To anyone else, you might as well stop reading cause I'm going to have to go into enough detail to spoilt Alien Taste, if you haven't read it.






Anyways, specifically, I was thinking that if your entire body is more or less a conscious colony hive, you can maybe tell a rat to produce poison or an arm to produce some dense bone ridges that sticks out like Wolverine. If the cells can mimic something as complex as mammalian lifeforms and human beings, then with the right DNA template, it should be able to create combat modifications. That weren't described in Alien Taste that is. Or we can just go back to Aliens, make your blood into acid.

I was reading some of the books from Meisha Merlin's other author series. The fantasy world one, from webscription. The grabbing and manhandling of the main character was definitely in play there, so when I read these series, it sort of harmonized together. They stacked ontop of each other.

It happened so many times, and the main character wasn't (physically) helpless or required to go along as in Tinker, to the extent that I started thinking "just make an example of one of them, the others will get the idea pretty fast".

Since the world was a patriarchical one and the main character was a warrior in her own right, I kept feeling this grinding sensation.

9:14 PM  
Blogger Synova said...

You're right. And the Pack *can* change shape and Ukiah can and has changed shape. The "rules" seem to be that they need a genetic blueprint to hold the shape.

I know what Meisha Merlin is. What author or book are you talking about? And it's available in webscriptions from Baen? The Meisha Merlin authors I know of don't write fantasies in patriarchal worlds. At least if they have, I don't know the book.

10:02 PM  
Blogger Ymarsakar said...

Recently Meisha Merlin had problems with their financial setup, probably because of the fixed costs for publishing got a little bit too high compared to income. So they switched to Baen's escription, as a way to still publish their authors, instead of selling the rights or whatever publishing houses do when they run into economic problems.

As to your question, it was the God Stalkers Chronicle. Far as I know, PC and Sharon/Miller were the two authors featured on escription recently from Meisha.

2:45 PM  
Blogger Ymarsakar said...

The reason I mentioned the first paragraph above is because that's the immediate thing that pops into my head about Meisha Merlin, leading to why they would even be part of Baen's webscription program.

Btw, David Weber's Off Armagadeddon Reef was great. Got it from the library, then went back a week later for another shot. It seemed like he almost took a list of what I liked, and just inputed several items off there verbatim.

God Complex

Personal slaughtering of folks galore, using superior firepower, speed, and discipline.

Technology combat mods

Human vs Alien war of extermination (Course Muty Moon I liked predominantly because of that)

It's like Weber took the best of all the stuff he ever did and all the things I wanted him to do, and mixed them together.
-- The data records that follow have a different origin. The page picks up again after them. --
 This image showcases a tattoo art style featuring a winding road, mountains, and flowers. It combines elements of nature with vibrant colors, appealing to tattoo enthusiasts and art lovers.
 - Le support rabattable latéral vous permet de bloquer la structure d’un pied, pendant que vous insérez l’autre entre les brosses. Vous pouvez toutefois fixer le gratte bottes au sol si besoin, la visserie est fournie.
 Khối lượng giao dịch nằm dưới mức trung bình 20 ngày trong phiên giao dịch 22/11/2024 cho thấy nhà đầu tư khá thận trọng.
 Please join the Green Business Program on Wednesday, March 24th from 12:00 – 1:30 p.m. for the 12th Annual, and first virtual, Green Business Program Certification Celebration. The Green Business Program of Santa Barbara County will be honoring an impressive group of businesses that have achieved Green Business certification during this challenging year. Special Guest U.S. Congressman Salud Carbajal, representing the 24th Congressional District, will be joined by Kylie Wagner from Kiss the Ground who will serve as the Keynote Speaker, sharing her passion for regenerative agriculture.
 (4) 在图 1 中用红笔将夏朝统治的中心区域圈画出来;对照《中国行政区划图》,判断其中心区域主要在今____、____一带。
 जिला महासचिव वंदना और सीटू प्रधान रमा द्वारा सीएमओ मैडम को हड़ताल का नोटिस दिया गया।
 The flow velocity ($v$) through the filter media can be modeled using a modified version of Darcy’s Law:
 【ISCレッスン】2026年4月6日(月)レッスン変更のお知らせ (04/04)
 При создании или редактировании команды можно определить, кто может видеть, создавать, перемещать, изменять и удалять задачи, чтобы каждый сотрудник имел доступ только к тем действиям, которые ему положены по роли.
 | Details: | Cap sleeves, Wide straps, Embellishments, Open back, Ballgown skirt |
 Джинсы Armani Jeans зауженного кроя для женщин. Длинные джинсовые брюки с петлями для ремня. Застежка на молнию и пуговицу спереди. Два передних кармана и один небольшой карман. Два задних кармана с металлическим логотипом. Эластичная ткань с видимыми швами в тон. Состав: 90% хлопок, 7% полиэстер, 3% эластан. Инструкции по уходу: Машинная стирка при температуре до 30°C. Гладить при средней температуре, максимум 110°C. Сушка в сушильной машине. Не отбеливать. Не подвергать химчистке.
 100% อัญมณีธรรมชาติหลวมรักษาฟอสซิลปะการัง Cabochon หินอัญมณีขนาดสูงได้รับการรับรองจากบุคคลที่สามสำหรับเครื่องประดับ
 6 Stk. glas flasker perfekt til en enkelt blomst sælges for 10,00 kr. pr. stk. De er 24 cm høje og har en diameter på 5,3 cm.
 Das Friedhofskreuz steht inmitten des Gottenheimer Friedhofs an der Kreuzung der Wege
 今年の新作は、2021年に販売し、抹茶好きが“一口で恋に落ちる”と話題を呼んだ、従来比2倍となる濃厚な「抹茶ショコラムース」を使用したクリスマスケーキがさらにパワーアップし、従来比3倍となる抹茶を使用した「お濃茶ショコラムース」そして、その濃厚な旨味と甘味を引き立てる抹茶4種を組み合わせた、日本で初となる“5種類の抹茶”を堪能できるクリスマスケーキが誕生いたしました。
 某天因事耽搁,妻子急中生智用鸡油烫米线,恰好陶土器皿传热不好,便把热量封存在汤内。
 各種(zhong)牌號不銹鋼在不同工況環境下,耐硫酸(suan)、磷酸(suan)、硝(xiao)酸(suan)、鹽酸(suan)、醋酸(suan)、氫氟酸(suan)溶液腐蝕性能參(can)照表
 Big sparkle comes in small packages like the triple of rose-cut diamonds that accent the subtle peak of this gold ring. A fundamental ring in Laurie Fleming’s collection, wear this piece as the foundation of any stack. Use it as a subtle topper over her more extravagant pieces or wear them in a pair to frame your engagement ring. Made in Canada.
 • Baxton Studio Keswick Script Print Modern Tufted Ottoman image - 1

John Ringo takes action too fast, in my view, since it occurs in the blink of an eye, no thoughts no remorse no whatever, it just happens and we deal with it later. Now that might be the reality, but reading a novel, I'm not personally in danger, so I don't feel any adrenaline or anything else. That's why David Weber's style of writing personal character thoughts, analysis, and tactical situation updates make me feel a deeper connection to the characters. And March to the Stars was horrendously upsetting to my emotions simply because when they combined their talents, it was a force that was hard to beat.

Everytime the protagonist of Armageddon started up another fight scene, I was sitting back like "here comes another anime fight sequence, which means the enemies are totally outclassed".

One of the things i absolutely hated was when Weber told me the identity of the traitor in third book of Empire from the Ashes, while his main characters were stumbling around like they were ignorant or something. As if they could not isolate the leaks to a select group of people, put out some bait, and then wait.

I got a lot of satisfaction out of Armageddon's way of handling "intel", heh.